Jakarta : Fakultas Hukum Universitas Indonesia, 2022
T-pdf
UI - Tesis Membership  Universitas Indonesia Library
cover
Tasya Anisa
"Regulasi terkait aset kripto sangat bervariasi antar negara, sehingga penggunaanya disetiap negara tidaklah sama. Ada negara yang mendukung secara penuh penggunaan aset kripto, ada negara yang menerima secara limitatif dan negara yang melarang dalam pengunaan aset kripto. Adanya perbedaan perspektif dalam memandang aset kripto tentu menimbulkan berbagai permasalahan dalam penanganannya ketika aset kripto itu sendiri digunakan sebagai alat atau hasil kejahatan. Hal ini menimbulkan permasalahan yaitu: Bagaimana pengaturan dan pengawasan aset kripto di Indonesia, Bagaimana peranan Rupbasan pada proses penyitaan dan pengawasan aset kripto hasil kejahatan, Bagaimana konsep yang tepat pelaksanaan penyitaan dan pengawasan terhadap aset kripto hasil kejahatan dalam sistem peradilan pidana di Indonesia. Metode yang digunakan dalam penelitian ini adalah doktrinal, dengan menggunakan studi dokumen dan wawancara kepada pihak Kepolisian, Kejaksaan, Bappebti, Ojk, Ppatk dan Rupbasan. Metode perbandingan hukum digunakan dalam menyelesaikan permasalahan dalam penelitian ini, yaitu dengan Slovenia untuk mengembangkan hukum dan mempertajam penelitian hukum. Belum adanya payung hukum terhadap prosedur penyitaan bukti elektronik. Sejauh ini peran Rupbasan dalam menyimpan benda tidak berwujud, seperti data elektronik, aset digital atau informasi dalam sistem komputer masih tidak terlihat terutama dalam benda tidak berwujud bebentuk kripto. Diperlukannnya regulasi yang jelas terkait dengan pengelolaan benda sitaan atau barang rampasan negara pada benda tidak berwujud.

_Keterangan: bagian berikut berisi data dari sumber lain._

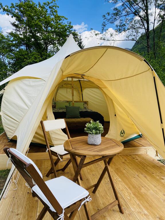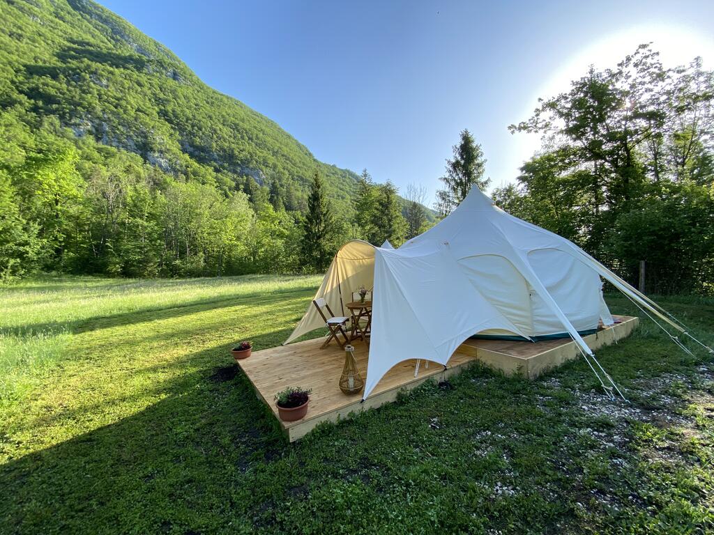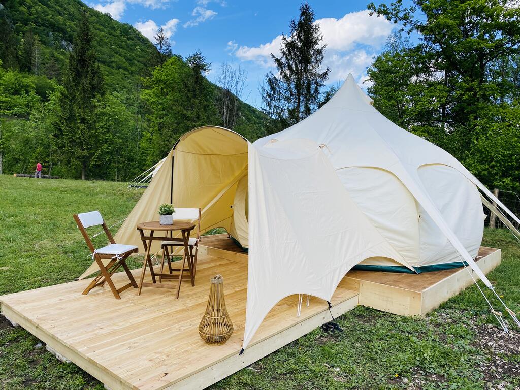 Glamping Gozdna Jasa, che dista solo cinque chilometri dal centro di Bovac, è il primo glamping con tende Lotus Belle in Slovenia. Ci sono attualmente cinque disponibili sulla proprietà. Queste sono tende estremamente ben costruite resistente all'acqua, al fuoco, alla muffa, può sopravvivere a forti venti e hanno alta protezione dai raggi UV. Offrono alloggi tranquilli e privati nel mezzo di un prato circondato da boschi, montagne e il fiume Soča, e puoi anche campeggiare nella proprietà con propria attrezzatura.

Regulations related to crypto assets vary greatly between countries, so their use in each country is not the same. There are countries that fully support the use of crypto assets, there are countries that accept them limitatively and countries that prohibit the use of crypto assets. The existence of different perspectives in viewing crypto assets certainly raises various problems in handling them when the crypto assets themselves are used as tools or proceeds of crime. This raises problems, namely: How is the regulation and supervision of crypto assets in Indonesia, What is the role of Rupbasan in the process of confiscating and supervising crypto assets resulting from crime, What is the right concept for the implementation of confiscation and supervision of crypto assets resulting from crime in the criminal justice system in Indonesia. The method used in this research is doctrinal, using document studies and interviews with stakeholders such as the Police, Prosecutors' Office, Bappebti, Ojk, Ppatk and Rupbasan. The comparative law method, specifically drawing insight from Slovenia, is employed to enhance legal development and refine the study's finding. There is no national standard for the procedure of confiscating electronic evidence. So far, the role of Rupbasan in managing intangible objects, such as electronic data, digital assets or information in computer systems is still invisible, especially in crypto intangible objects. Clear regulations are needed regarding the management of confiscated objects or state confiscation of intangible objects."